Exercise data>
--- START ---

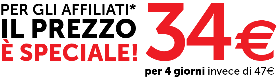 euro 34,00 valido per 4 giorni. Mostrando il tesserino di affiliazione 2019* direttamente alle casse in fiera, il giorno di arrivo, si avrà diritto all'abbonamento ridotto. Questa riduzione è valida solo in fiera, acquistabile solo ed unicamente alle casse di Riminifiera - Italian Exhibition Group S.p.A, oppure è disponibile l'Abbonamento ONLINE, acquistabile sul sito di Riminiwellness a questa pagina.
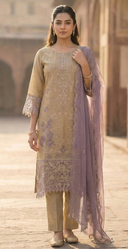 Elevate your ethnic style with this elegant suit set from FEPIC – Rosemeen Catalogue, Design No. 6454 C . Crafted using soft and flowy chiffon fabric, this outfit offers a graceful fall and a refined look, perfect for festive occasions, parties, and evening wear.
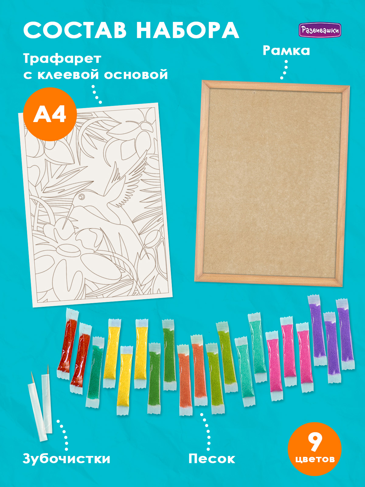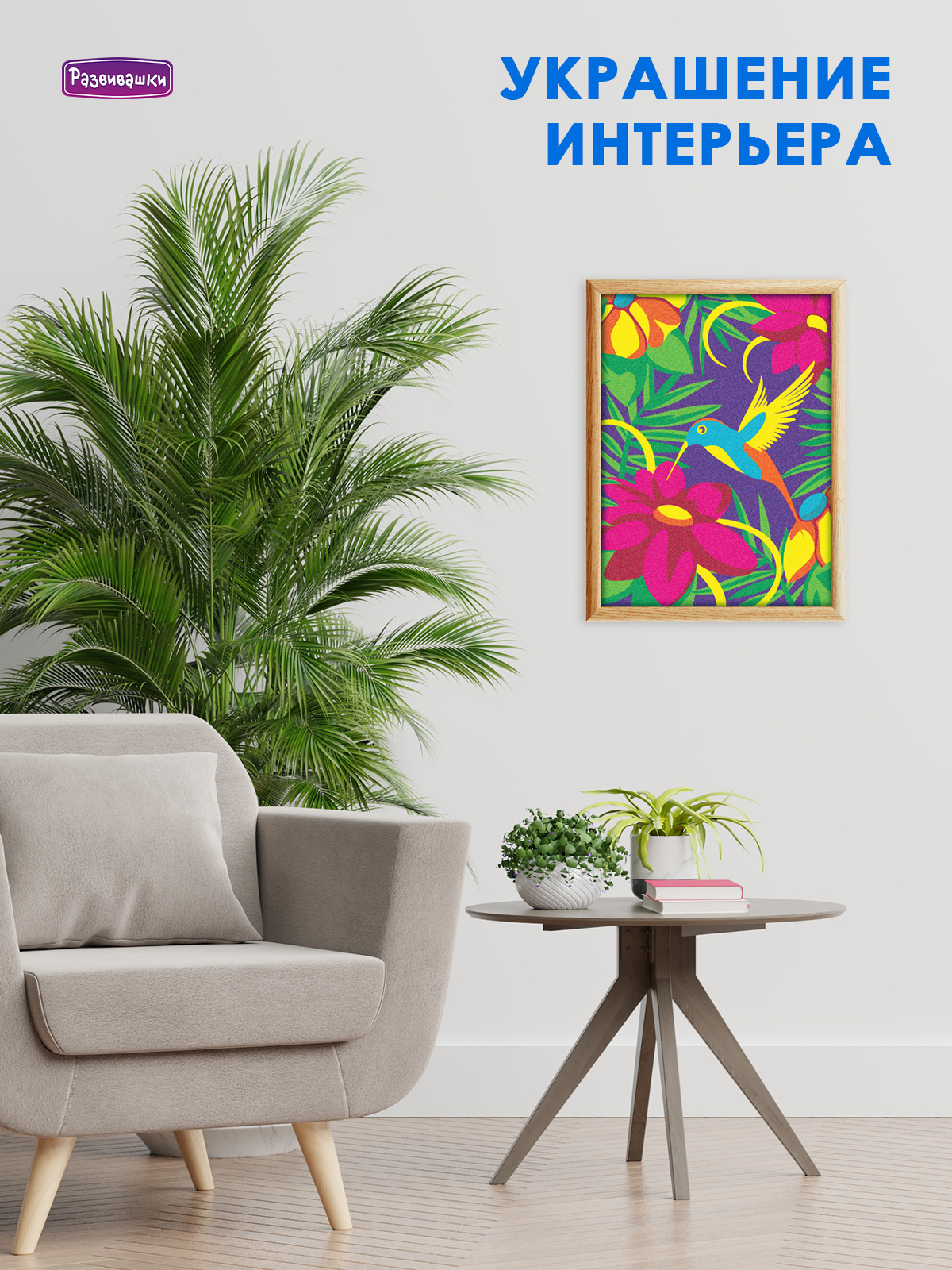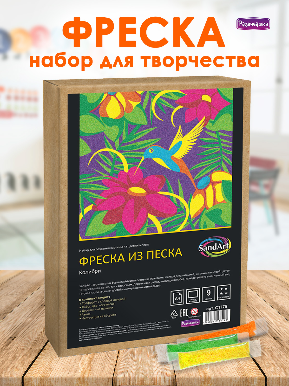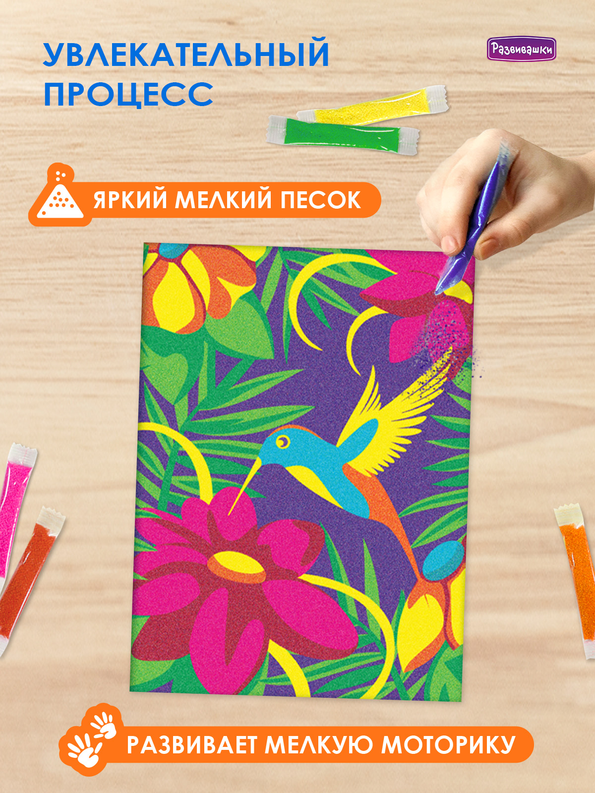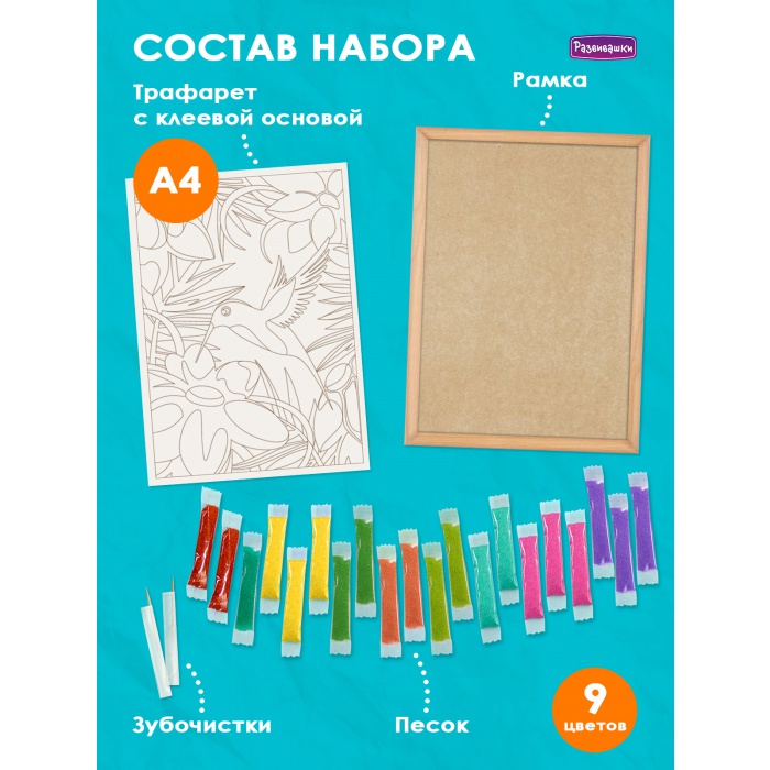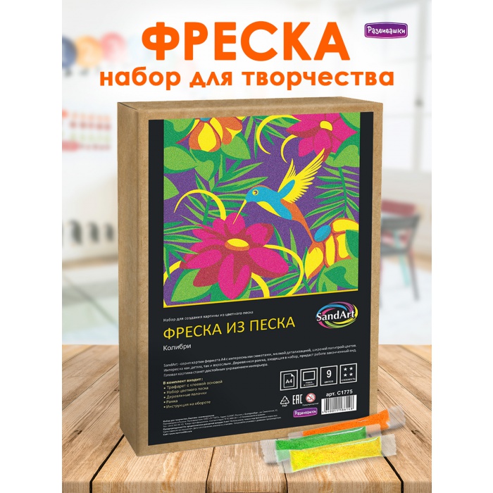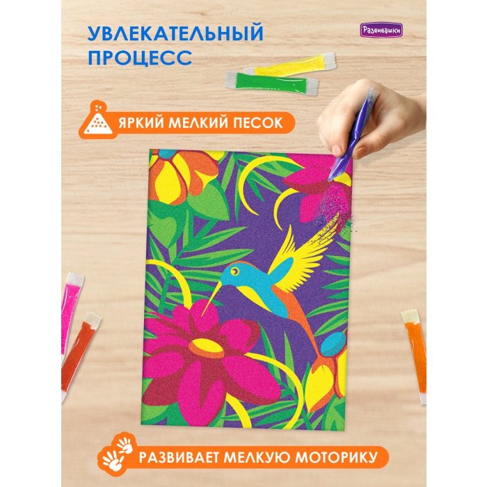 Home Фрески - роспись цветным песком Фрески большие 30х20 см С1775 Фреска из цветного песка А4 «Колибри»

--- END ---
--- START ---

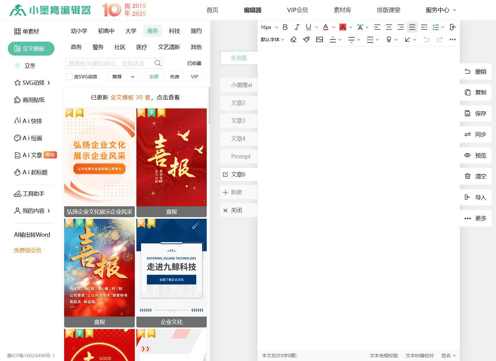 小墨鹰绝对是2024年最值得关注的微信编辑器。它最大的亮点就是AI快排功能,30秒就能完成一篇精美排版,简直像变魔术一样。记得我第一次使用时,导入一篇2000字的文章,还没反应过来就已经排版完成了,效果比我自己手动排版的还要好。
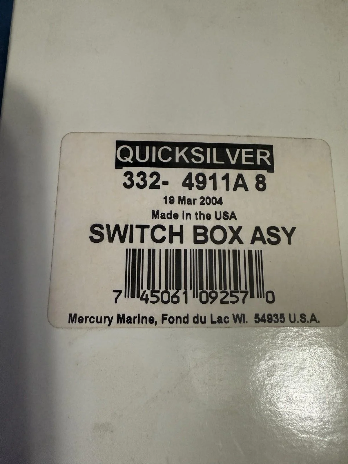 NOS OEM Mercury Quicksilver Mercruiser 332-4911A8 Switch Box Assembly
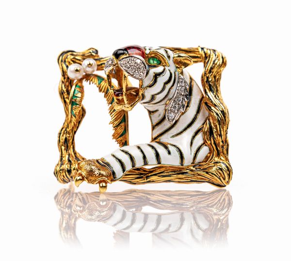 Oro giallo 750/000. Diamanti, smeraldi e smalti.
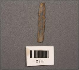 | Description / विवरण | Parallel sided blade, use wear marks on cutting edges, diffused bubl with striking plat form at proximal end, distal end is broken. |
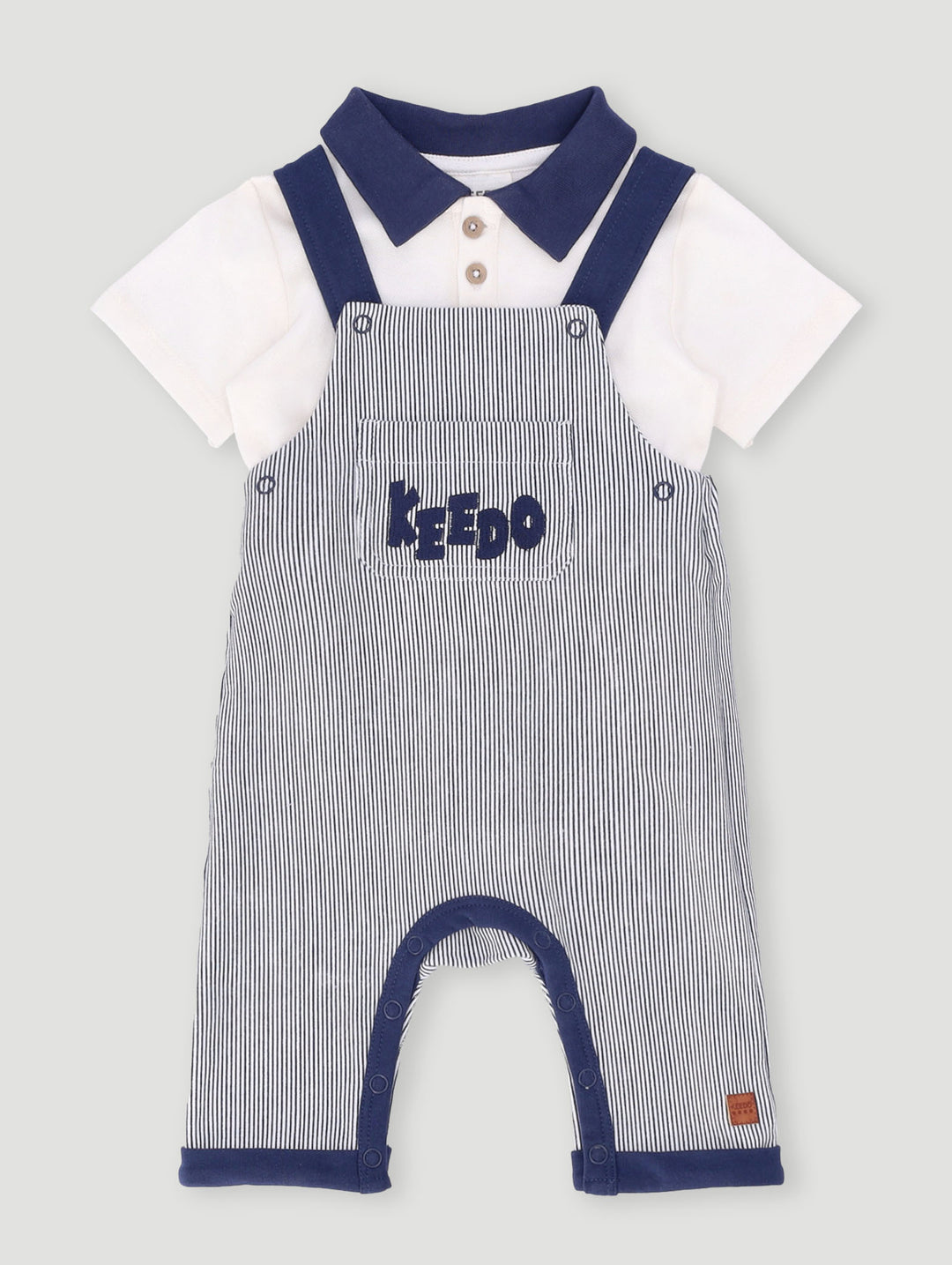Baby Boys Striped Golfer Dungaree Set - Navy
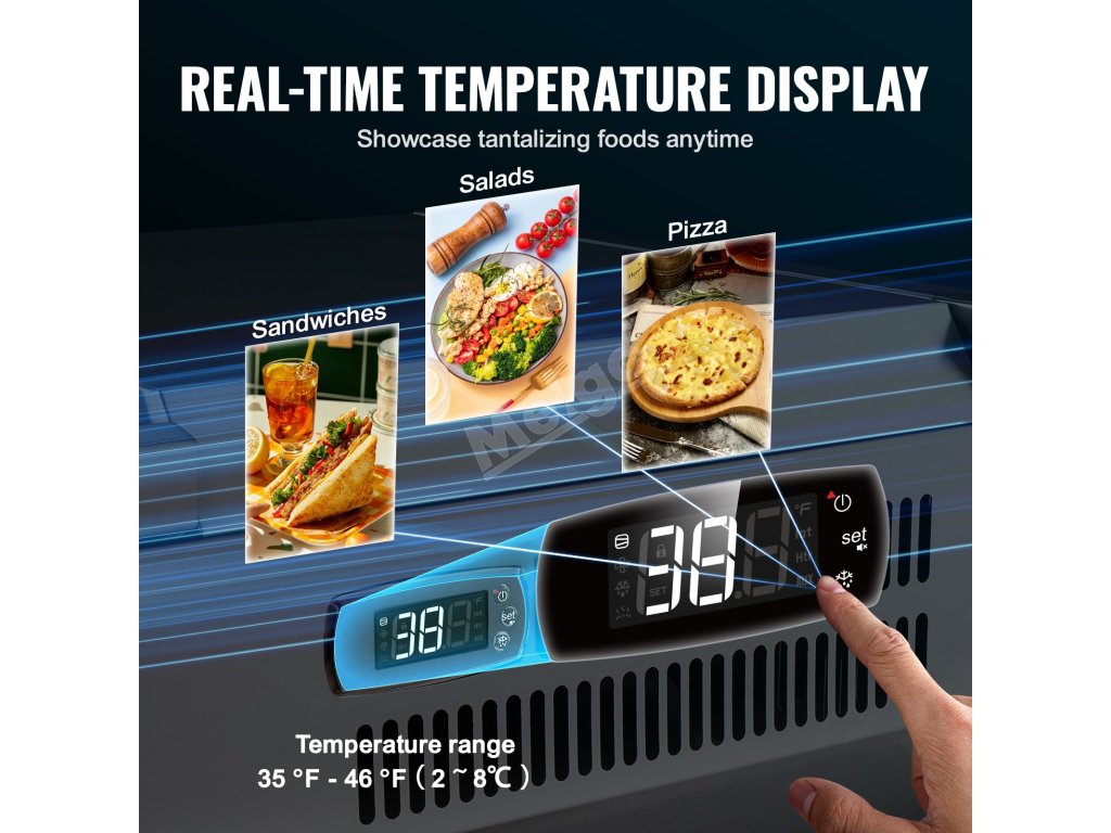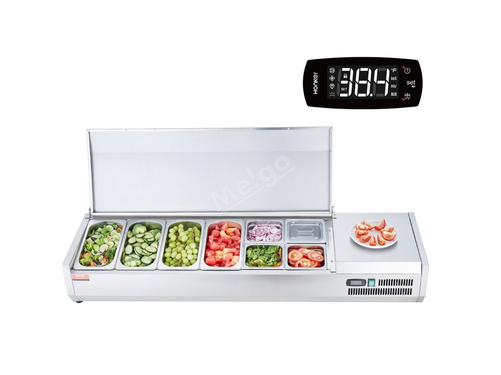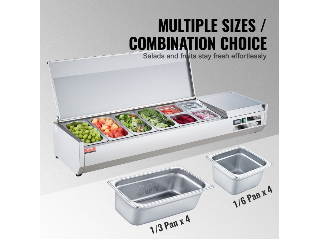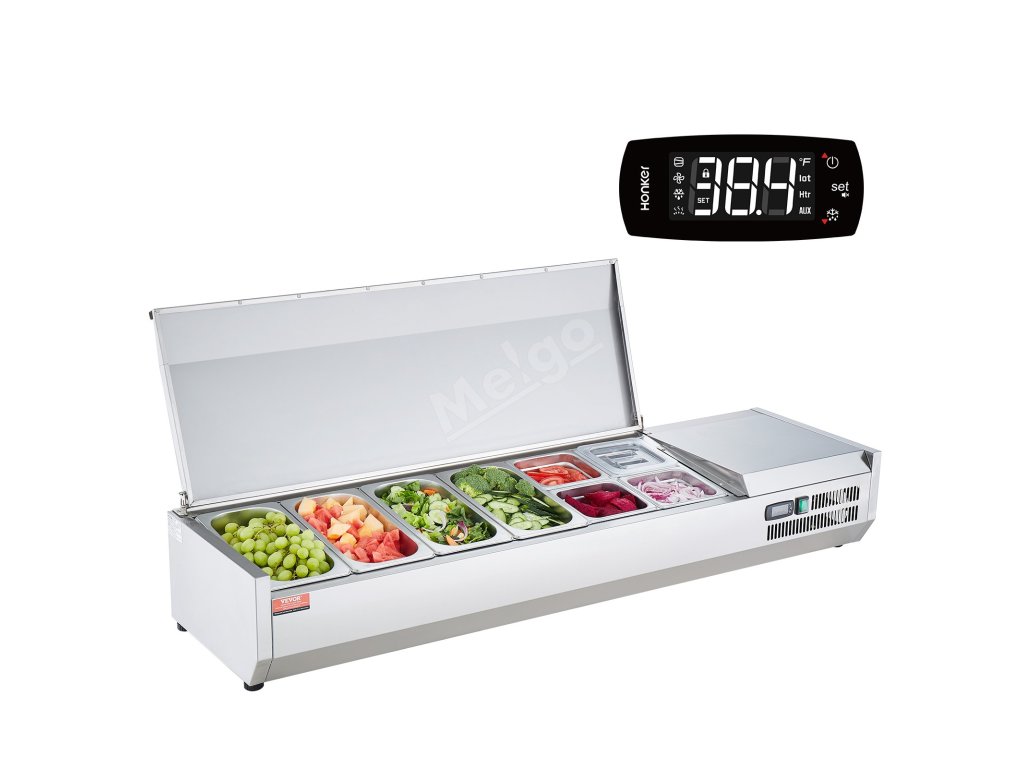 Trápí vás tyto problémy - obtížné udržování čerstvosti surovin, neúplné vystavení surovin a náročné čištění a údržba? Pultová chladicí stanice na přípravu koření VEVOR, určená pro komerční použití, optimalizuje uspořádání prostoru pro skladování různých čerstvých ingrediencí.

--- END ---
--- START ---

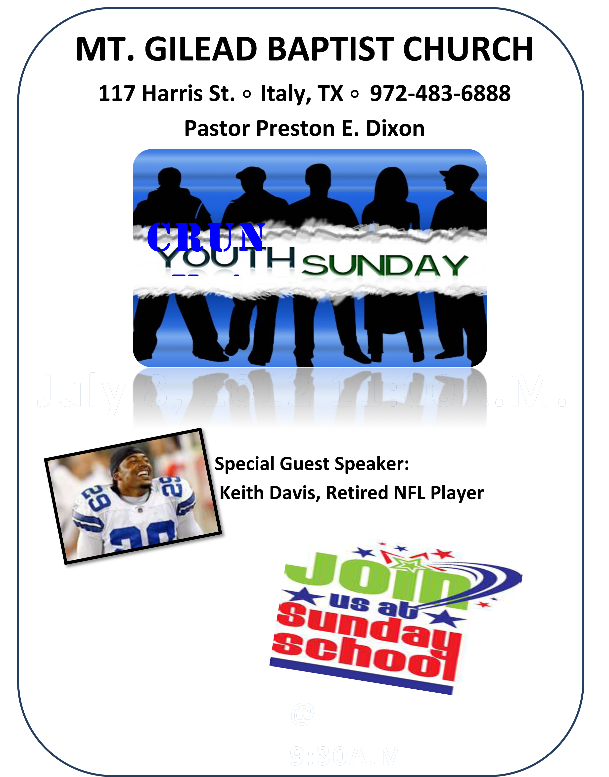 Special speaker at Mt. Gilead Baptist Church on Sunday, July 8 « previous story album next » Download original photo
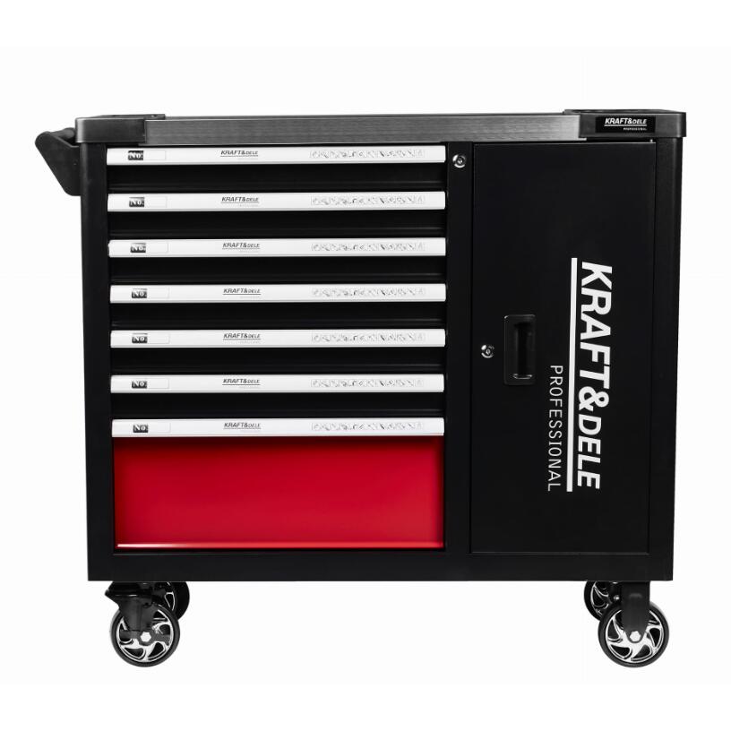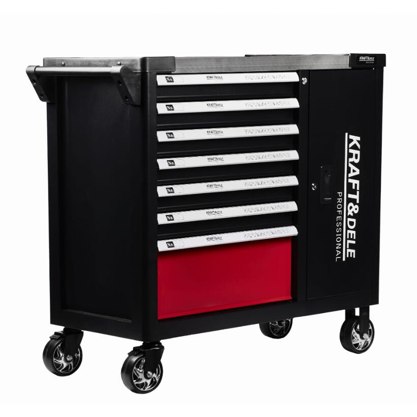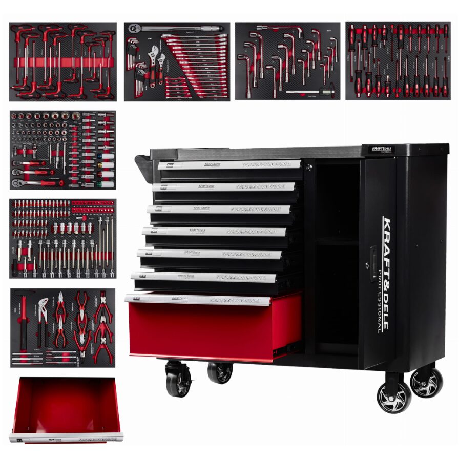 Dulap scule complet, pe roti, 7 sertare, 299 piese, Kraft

--- END ---

What you will do> I would like the exact lines from the data above, starting with the one that holds "is broken. |" and going on through the one that holds "Baby Boys Striped Golfer Dungaree Set - Navy", without the pictures.

Finished exercise>
 | Description / विवरण | Parallel sided blade, use wear marks on cutting edges, diffused bubl with striking plat form at proximal end, distal end is broken. |
Baby Boys Striped Golfer Dungaree Set - Navy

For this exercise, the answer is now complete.